The whole runtime consists of three stages:

  1. Melspectrogram; A pre-processing model that computes a melspectrogram of the input audio data. This library uses an ONNX implementation of Torch's melspectrogram function with fixed parameters which enables efficient performance across devices. This onnx model is provided by dscripka.

  2. Embedding/feature generation; A shared feature extraction backbone model that converts melspectrogram inputs into general-purpose speech audio embeddings. This model is provided by Google as a TFHub module under an Apache-2.0 license. For openWakeWord, this model was manually re-implemented to separate out different functionality and allow for more control of architecture modifications compared to a TFHub module. The model itself is series of relatively simple convolutional blocks, and gains its strong performance from extensive pre-training on large amounts of data. This model is the core component of openWakeWord, and enables the strong performance that is seen even when training on fully-synthetic data.
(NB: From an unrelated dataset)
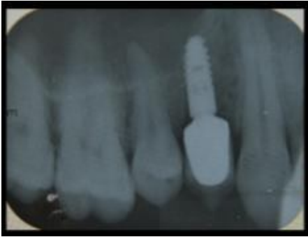
Fig.6 IOPA after crown cementation

  3. Feature Classification: A classification model that follows the shared (and frozen) feature extraction model. The structure of this classification model is arbitrary, but in practice a simple fully-connected network or 2 layer RNN works well.

Code implementation

The general architecture of openwakeword is also reflected in to the code. Each class is one of the stages, and runs one model:

  • Class: Melspectrogram -> Runs melspectrogram stage

  • Class: Embedding -> Runs embedding stage

  • Class: WakeWord -> Runs classifier stage

Yes, it is that simple! the Lowwi class itself contains some glue logic that controls the pipeline and calls the right callback functions when classifier model detects wakeword.
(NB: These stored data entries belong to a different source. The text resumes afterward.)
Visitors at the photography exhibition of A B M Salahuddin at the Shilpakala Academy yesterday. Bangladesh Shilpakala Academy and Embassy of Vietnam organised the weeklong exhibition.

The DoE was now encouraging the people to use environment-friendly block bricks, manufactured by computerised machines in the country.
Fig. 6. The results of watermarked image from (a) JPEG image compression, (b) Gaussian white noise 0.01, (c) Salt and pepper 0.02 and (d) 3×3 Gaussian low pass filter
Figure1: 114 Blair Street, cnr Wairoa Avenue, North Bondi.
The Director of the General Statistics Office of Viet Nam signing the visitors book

For example see the Lowwi->Run function:

void Lowwi::run(const std::vector<float> &audio_samples)
{
    if(audio_samples.empty()) {
       return; /* No samples */
    }

    _mel_samples = _mel->convert(std::ref(audio_samples));
    _feature_samples = _emb->convert(std::ref(_mel_samples));
    /* Loop through the classifier models */
    for (auto &ww : _wakewords) {
        wakeword_result res = ww.ww_inst->detect(_feature_samples);
        /* Check if wakeword is triggered */
        if(res.detected) {
            /* 
             * Wakeword triggered!
             * Construct context variable
             * with the triggered wakeword phrase & confidence factor 
             */
            Lowwi_ctx_t cb = {ww.properties.phrase, res.confidence};
            /* Run callback function */
            ww.properties.cbfunc(cb, ww.properties.cb_arg);
        }
    }
    /* Clear all processed Melspectrogram & feature samples */
    _mel_samples.resize(0);
    _feature_samples.resize(0);
}   

It just runs the steps followed by looping through all registered classifier models. When a wakeword is detected (res.detected) it runs the callback function(ww.properties.cbfunc()).

Design decisions

Design decisions that were made (some might change!):

  • Everything was designed single threaded (as the biggest c++ alternative of this library, used so much threading it slowed down the code drastically). Although for small amount of wakewords < 10 it is faster, over > 10 it might be slower or as fast.

  • ONNX is used instead of liteRT, even though both are supported by openwakeword project. ONNX has been proven to be faster for this model. The only thing it might hinder is using the Coral edge tpu which is liteRT only.